Thought Leadership

Designing the next generation of AI chips part 1

By Spencer Acain

I recently had the opportunity to speak with Russell Klein, program director at Siemens EDA and a member of the Catapult HLS team about the ways they’re helping create the next generation of AI accelerator chips to power everything from smartphones to self-driving cars. Check out the podcast here or read the full transcript below.

Spencer Acain: Hello and welcome to the AI Spectrum podcast. I’m your host, Spencer Acain. In this series we talk to experts all across Siemens about a wide range of AI topics and how they are applied to different technologies. Today I am joined by Russell Klein, program director at Siemens EDA and a member of the CATAPULT HLS team welcome, Russ.

Russell Klein: Thank you.

Spencer Acain: So before we jump right into this, can you give us a little bit of background about yourself and the kind of work you do that supports artificial intelligence?

Russell Klein: So I’ve been with mentor for about for more than 20 years now and most of my work has been on the boundary between the hardware and software worlds. Today I’m working in the CATAPULT group on the high level synthesis tool. And I’m focused on algorithm acceleration. And that is when we look at algorithms that are running on embedded processors. Sometimes those don’t go fast enough for their consuming too much power and we can use high level synthesis to move those into dedicated hardware accelerators. They’re going to run faster and run much more efficiently.

Spencer Acain: And how does that apply to like artificial intelligence work and running AI algorithm and stuff? Does that connect to that?

Russell Klein: Yeah. So what we’re seeing out in our customer base is that the AI models are really growing in terms of complexity, which means they’re getting more layers. They’re getting more channels within each layer. They’re fundamentally just getting a lot bigger. And as they get bigger, the inferencing that you need to do afterwards becomes more computationally complex.

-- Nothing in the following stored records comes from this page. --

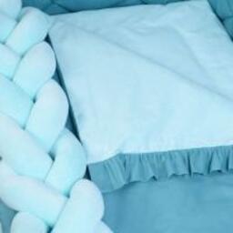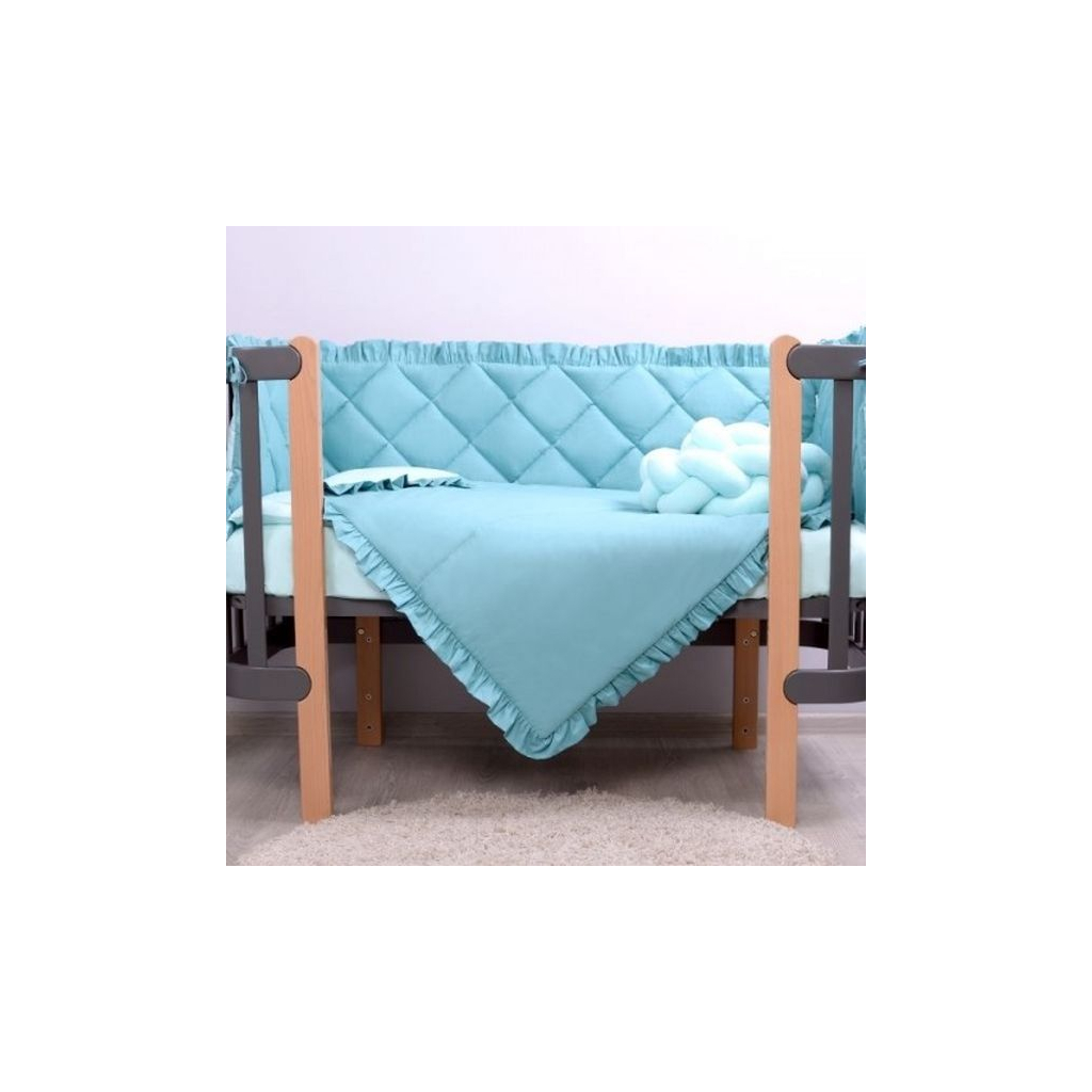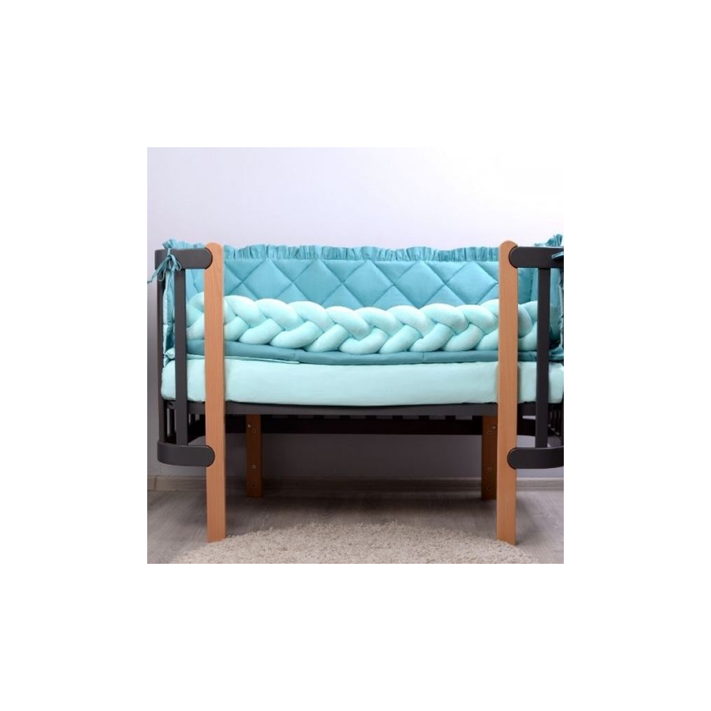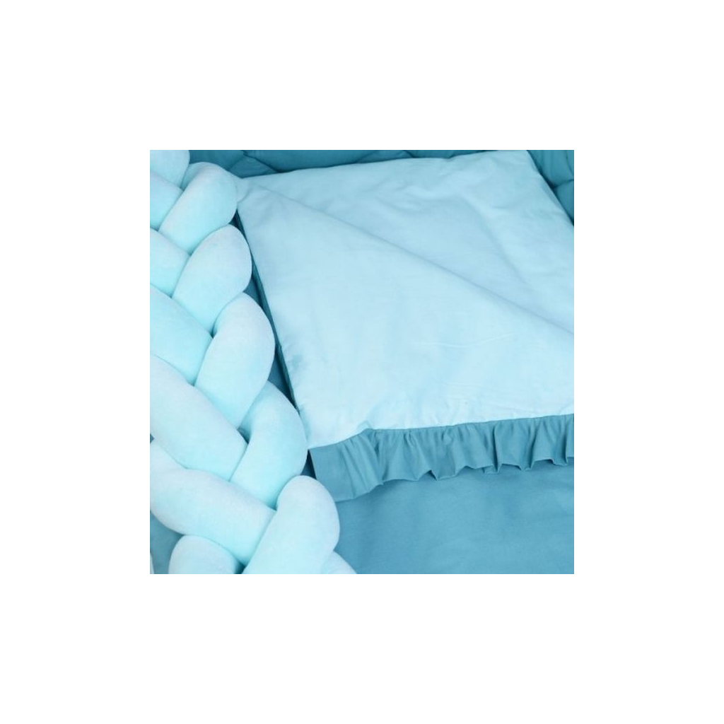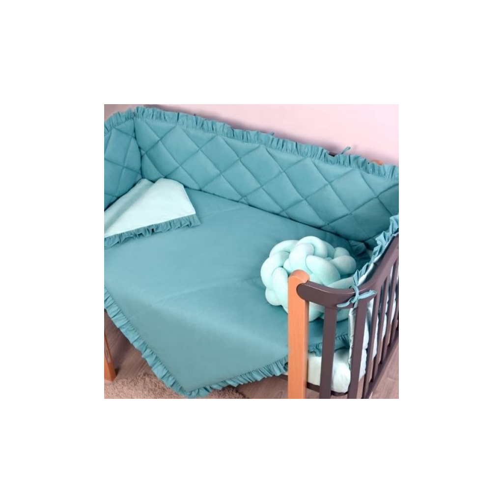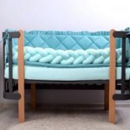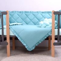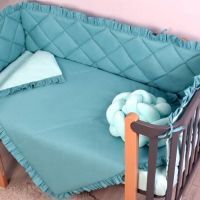 Наповнювач: ковдра - силіконізоване волокно, подушка та подушки захисту - синтепон, бампер-коса - холлофайбер.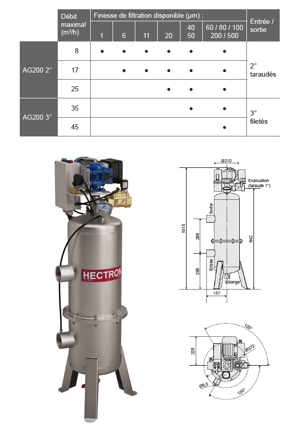| Type de filtre | Filtre autonettoyant AG Hectron |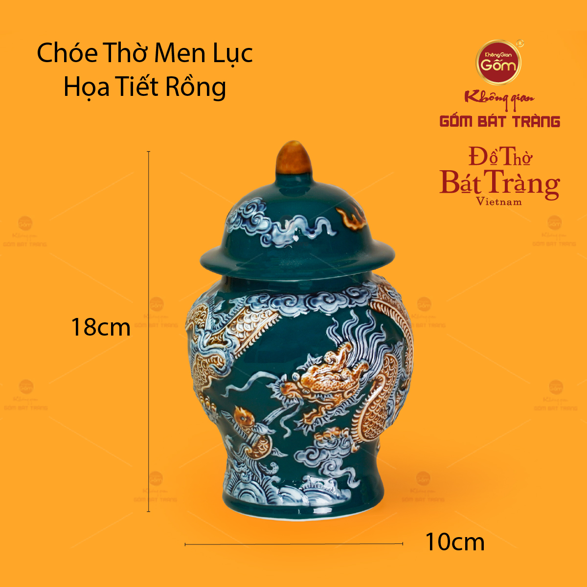 Chóe được chế tác hoàn toàn thủ công bởi những nghệ nhân làng gốm Bát Tràng giàu kinh nghiệm, mang đến từng đường nét tinh xảo và sống động. Phần thân chóe có dáng tròn đầy, tượng trưng cho sự viên mãn, sung túc. Lớp men lục phủ ngoài được pha chế từ khoáng chất tự nhiên, tạo hiệu ứng bóng nhẹ, mịn màng và bền màu theo thời gian. Màu lục dịu sâu vừa toát lên cảm giác trang trọng, vừa mang vẻ gần gũi, an hòa – rất phù hợp với không gian thờ tự truyền thống Việt.

And what we’re seeing is that the inferencing is simply too big a computational load to run on an embedded processor. Processors tend to be rather slow, rather inefficient, and unlike you know, 15 or 20 years ago where we got bigger, faster processors every few years, it’s just not happening anymore. And so people need to bring some kind of hardware acceleration into the mix to be able to run those inferences on embedded systems. And so again, HLS is a really good way, or excuse me, high level synthesis is a really good way to move those functions off the CPU into an accelerator.

Spencer Acain: So with these accelerators be like GPUs as well, can you be using those in place of a CPU? I know they’re used a lot for like training. You know you get thousands of these up in the server farm for training big models and stuff, but what about for these sort of applications that you’re talking about?

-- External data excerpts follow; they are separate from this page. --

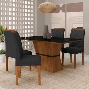 Detalhes Técnicos das Cadeiras -Assento e Encosto Tapeçados, Estofados e Fixos -Peso Suportado da Cadeira:90KG -Facilidade da Montagem:Média -Tonalidade da Cadeira:Freijó/Suede Preto -Espuma do Encosto:D14 -Espuma do Assento:D16 -Tipo de Pintura:UV Texturizada -Material da Estrutura:MDF 25/18mm -Medida da Cadeira:100CMx44CMx50CM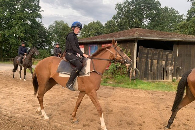 „Antonia ist im August für vier Wochen in Irland, bei Trainer Aidan O’Brien“ klärt von der Recke auf, warum seine Tochter nicht im Sattel sitzt. Gleichzeitig stellt der Trainer Marie Behr vor, die in der kommenden Woche 17 Jahre alt wird, und am Samstag ihr Debüt im Rennen gibt.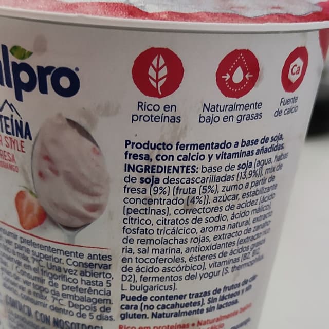Yogur proteico 100% vegetal, fermentado a base de soja.
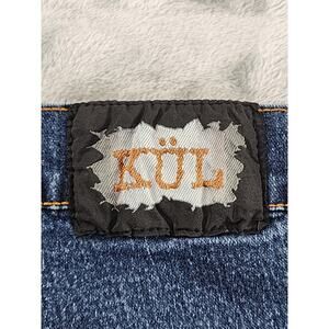 Vintage KUL USA Ribbon Lace Side Detail Mid Rise Flare Jeans Size 11 Blue Brown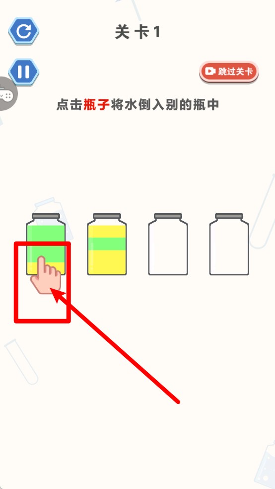 2.点击试管倒液:轻触任意瓶子即可将液体倒入其他空瓶,确保颜色一致才能继续,操作简单却很烧脑。
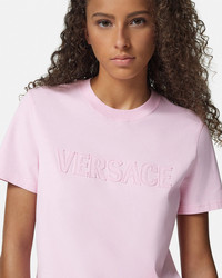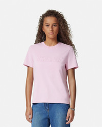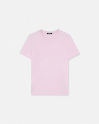 DETAILS This shortsleeved crewneck Tshirt has a slim fit and is crafted from cotton jersey The design features a fringed Versace logo embroidery at the front - Versace logo embroidery - Short sleeves - Crewneck - Outer composition: 100% Cotton - Embroidery: 100% Polyester - Trim: 98% Cotton, 2% Elastane Item: 1018981-1A13616_1PS10 SIZE & FIT - The model is 5'10" / 1.79 m tall and wears size 38 IT
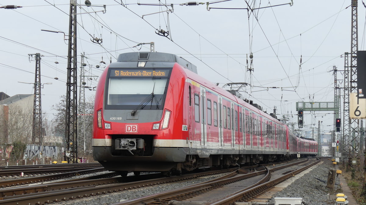 Eine Dreifachtraktion 430 in Frankfurt Oberrad. Hier verläuft die S-Bahn Strecke zwischen dem Frankfurter und dem Offenbacher Citytunnel für einen knappen Kilometer oberirdisch. Im Hintergrund ist die Frankfurter Skyline zu sehen. Aufgenommen am 29.3.2018 10:41 Br111 Fan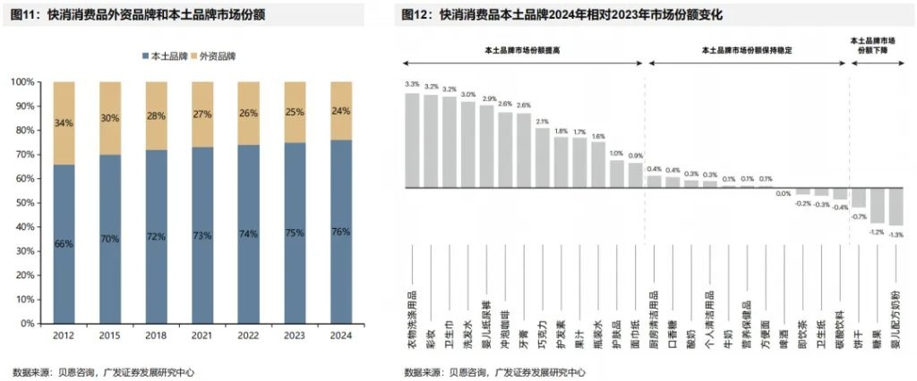 根据贝恩咨询数据,从快消消费品口径看,本土品牌持续抢占外资品牌市场份额,本土品牌市场份额已从2012年的66%提升至76%,产品呈现国产化趋势。

Russell Klein: Yeah, so GPU certainly are going to accelerate inferencing and you can use them in embedded systems as well. So you can use them for doing inferencing on systems that are out at the edge but what you’re gonna find is that GPU’s are really quite general, and they also drag along a lot of hardware that is used for processing graphics. And that’s not necessarily a great thing when you’re doing inferencing. So there are also our neural processing units, or NPUs, say, and sometimes they’re called TPUs or tensor processing units. And these are a lot like GPUs. So they’re gonna have a big array of processing elements, and they’re going to bring a lot of parallelism into the mix. They’re gonna go a bit faster than GPU and they’re going to be a bit more efficient because they drop some of the unnecessary hardware. But when we want to get the absolute highest efficiency and the most performance out of our accelerator, we really don’t wanna have something that’s generalized. We want something that’s really tailored to the specific inference that we’re doing, and that’s where high level synthesis, rather than creating a very general purpose accelerator that would work for lots of inferences, we can create one that’s highly tailored to just this one type of inference. And that’s going to give you the highest performance and the highest efficiency. It’s going to run, you know, faster and at a lower energy level than either GPUs or TPUs.

Spencer Acain: That sounds like it would be pretty valuable. So and that’s like the what you’re using HLS for. Can you tell me more about catapult and what HLS is in this context?

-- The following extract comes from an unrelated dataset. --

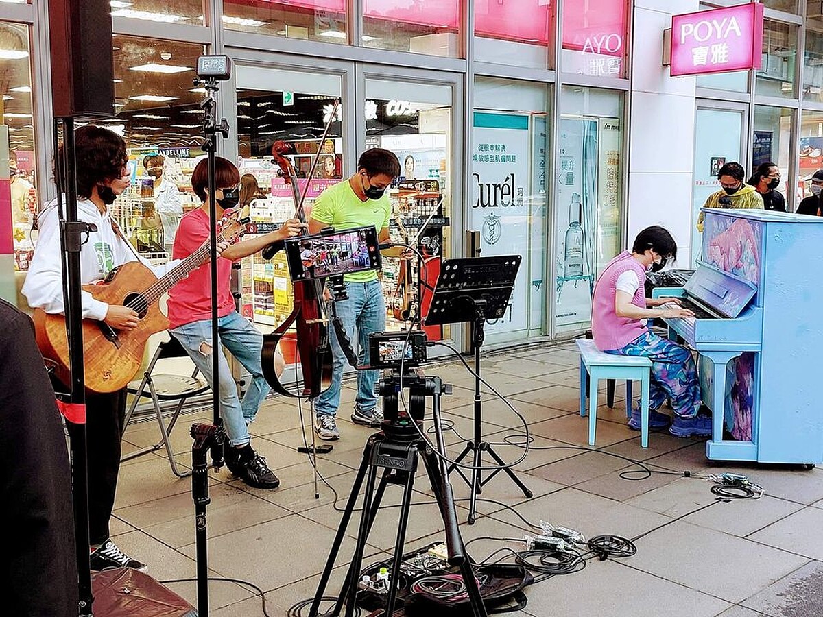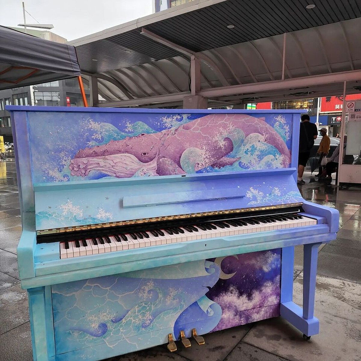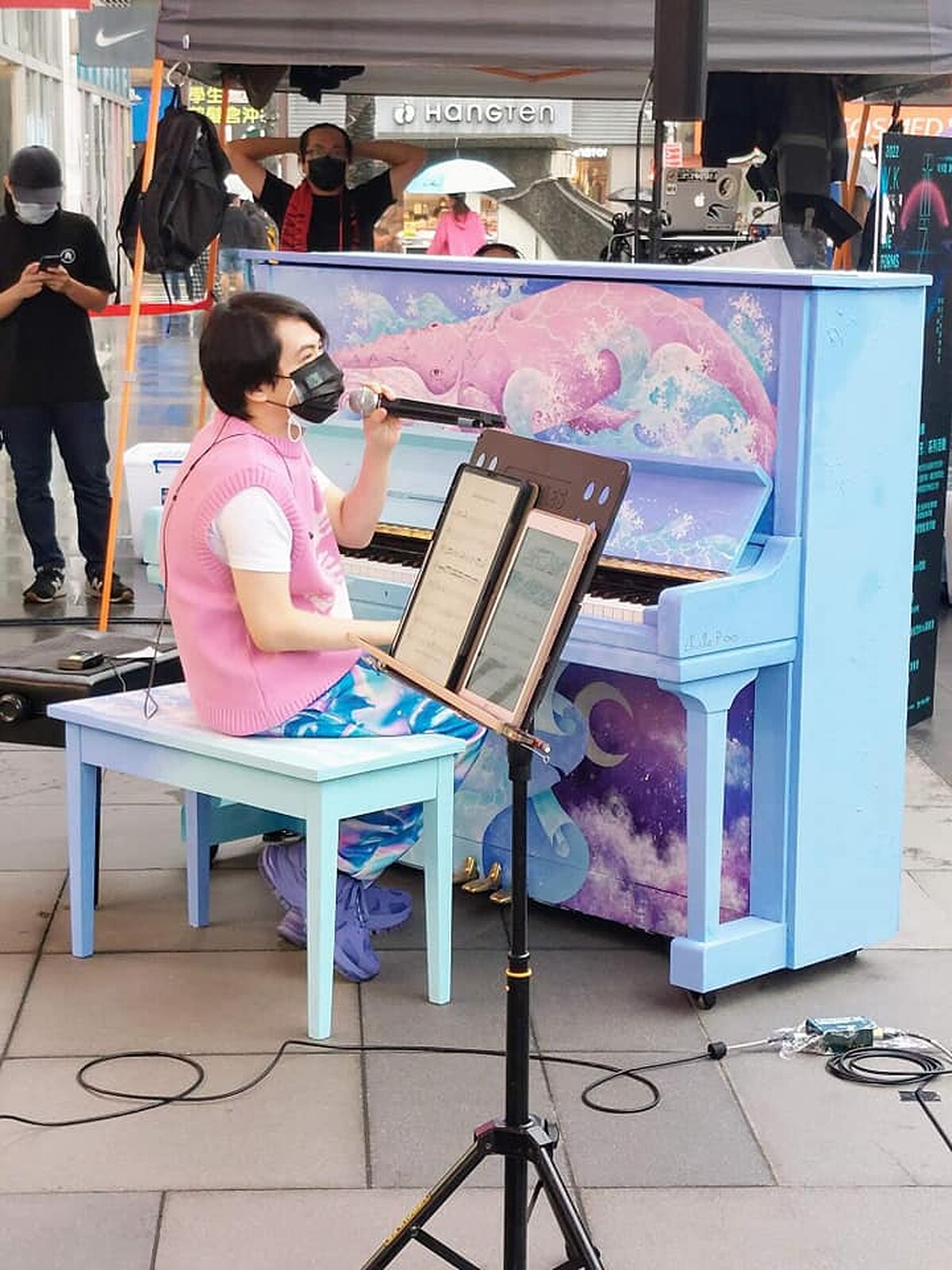 45分鐘的快閃演奏會上,V.K克演奏著與藝術家查理宛豬合作的彩繪鋼琴,坐在海潮鋼琴椅上,彷彿像是鋼琴上的鯨魚遨遊大海而濺起水花。音符,像是落在琴鍵上的天空繁星一般,而此刻由V.K克的指間彷彿正在演奏星星的故事一般。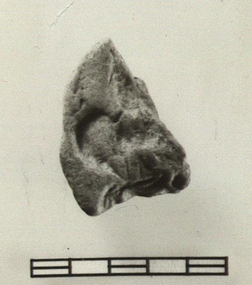 Description:   Fragment from small seated draped woman holding a tympanum (?).

Russell Klein: Sure. So high level synthesis of fundamentally takes an algorithm that you describe and C or C++ some of our customers are using system C and it will take that algorithm and it will generate what’s called an RTL description of the hardware. Now in a traditional design flow, the designer sits down and he’s gonna describe every wire in the design and every register in the design and every single operator in the design. So all the adders, all the multipliers, everything. He’s gonna explicitly call out every single one of those, and that tends to be, you know, really tedious and it also tends to be error pro. It’s a highly manual process. And so with high level synthesis, rather than describing every register, every wire we describe, the algorithm that we want to get done, and then a compiler comes along and parses that description and figures out how many wires do we need, what registers do we need, and it can actually identify the opportunity to share things. So in other words, we could have a register that holds three different variables at different times where you know a human writing the hardware would never notice that the compiler can be a lot more rigorous about that.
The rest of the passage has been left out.